Once I go greater than 1, it crashes the python kernel every time once it
hits cross_val_score.
I'm running this on Windows 7 with Anaconda and Python 2.7:
'2.7.6 |Anaconda 1.9.2 (64-bit)| (default, Nov 11 2013, 10:49:15) [MSC
v.1500 64 bit (AMD64)]'
Anyone know what the deal is? Here is the code in question:
class Job(object): # struct for holding job info
pass
workers = 2
jobs_q = Queue()
results_q = Queue()
# pseudo code for loop here
job = Job()
job.estimator = MultinomialNB()
job.x_csrmat = csr_matrix(x_csrmat, copy=True)
job.y_a = np.array(y_a)
job.kfold = KFold(len(y_a), nfolds, random_state=6, shuffle=True)
jobs_q.put(job)
# end pseudo code for loop
def executeWorker():
while True:
job = jobs_q.get()
if job is None:
break
# try/except never catches error, and code never proceeds beyond it
try:
cvScore = mean(cross_validation.cross_val_score(job.estimator,
job.x_csrmat, y=job.y_a, cv=job.kfold))
except Exception as e:
with open(tsOutDir + 'error.txt', 'w') as f:
f.write(traceback.format_exception(*sys.exc_info()) + "\n\nI/O
error({0}): {1}".format(e.errno, e.strerror))
raise
results_q.put(results_df)
workers_list = [Thread(target=executeWorker) for _ in xrange(workers)]

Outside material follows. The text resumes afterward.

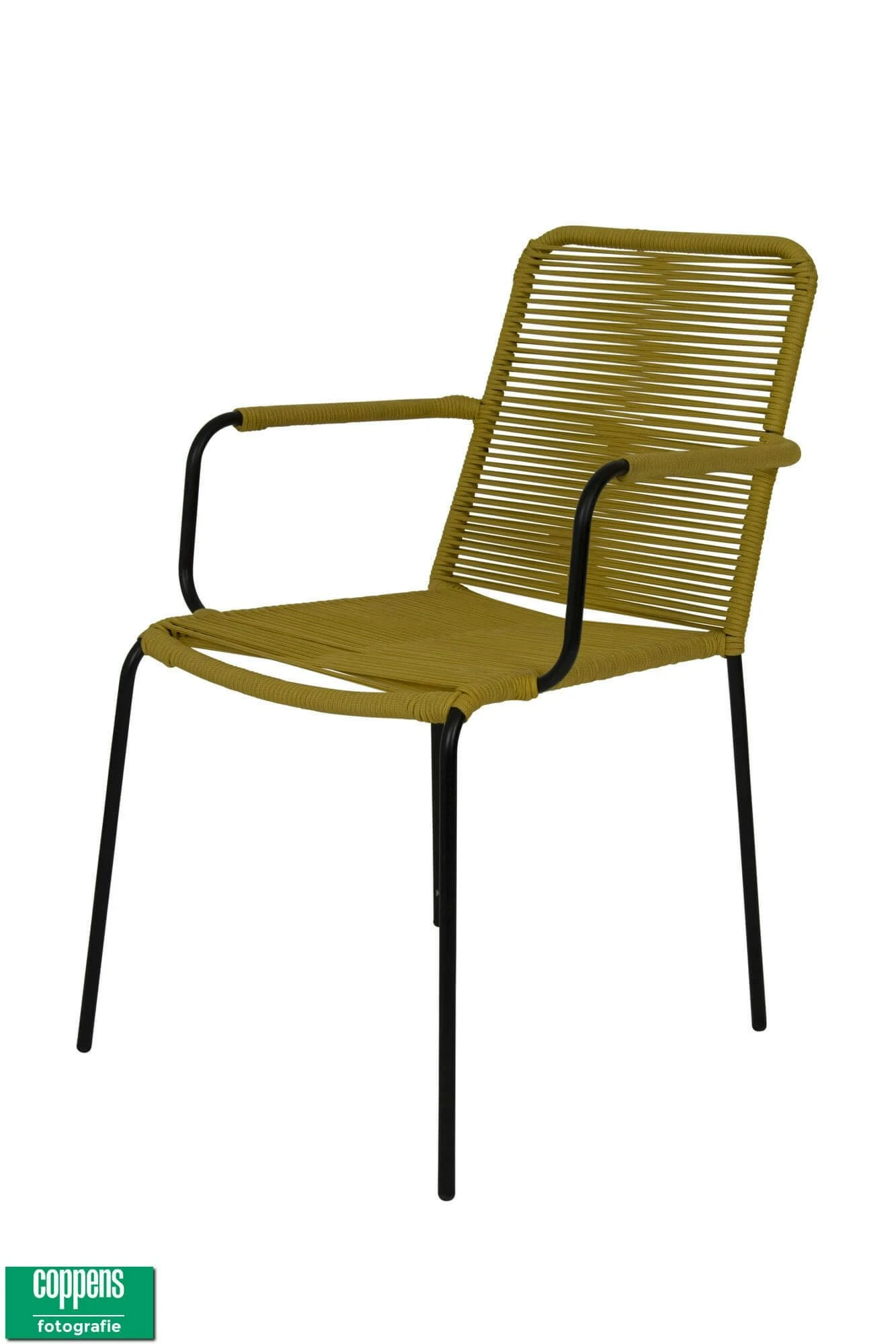 Deze mooie hippe dining stoel Denver met armleggers met Yellow rope (touw). Deze stoel is ook makkelijk op te bergen omdat hij stapelbaar is.

for thread in workers_list:
thread.daemon = True
thread.start()
for _ in xrange(workers):
# jobs_q already full. Add None-s so workers know to stop
jobs_q.put(None)
for thread in workers_list:
thread.join()
class Job(object): # struct for holding job info
pass
workers = 2
jobs_q = Queue()
results_q = Queue()
# Each job is created in a *for loop like this...
job = Job()
# Create new classifier. I've also tried cloning as well - neither solves the
problem
job.estimator = MultinomialNB()
# Create copies of x_csrmat and y_a which were created previously
job.x_csrmat = csr_matrix(x_csrmat, copy=True)
job.y_a = np.array(y_a)
# create new kfold iterator
job.kfold = KFold(len(y_a), nfolds, random_state=6, shuffle=True)
# ...and then put in a queue like this:
jobs_q.put(job)
# *I'm omitting the for loop b/c it's complex and it's not where the problem is
occurring
def executeWorker():
while True:
job = jobs_q.get()
if job is None:
break
start = time.time()
# This portion successfully writes to file for each thread
dictToCSV(job.settings_dict, tsOutDir + str(time.time()) + "-"
+ threading.current_thread().name + "-prior.csv")
# try/except never catches error, and code never proceeds
beyond it
try:
cvScore =
mean(cross_validation.cross_val_score(job.estimator, job.x_csrmat, y=job.y_a,
cv=job.kfold))
except Exception as e:
with open(tsOutDir + 'error.txt', 'w') as f:
f.write(traceback.format_exception(*sys.exc_info()) + "\n\nI/O error({0}):
{1}".format(e.errno, e.strerror))
raise
elapsed = time.time() - start
# job.settings_dict is just a dictionary attached to the job
object to report settings used
job.settings_dict["CVScore"] = [cvScore]
job.settings_dict["Time (s)"] = [round(elapsed)]
job.settings_dict["Time"] = [time.strftime("%H:%M:%S",
time.gmtime(elapsed))]
results_df = pd.DataFrame(job.settings_dict)
results_df.to_csv(tsOutDir + str(time.time()) + "-" +
threading.current_thread().name + "-post.csv")
results_q.put(results_df)
workers_list = [Thread(target=executeWorker) for _ in xrange(workers)]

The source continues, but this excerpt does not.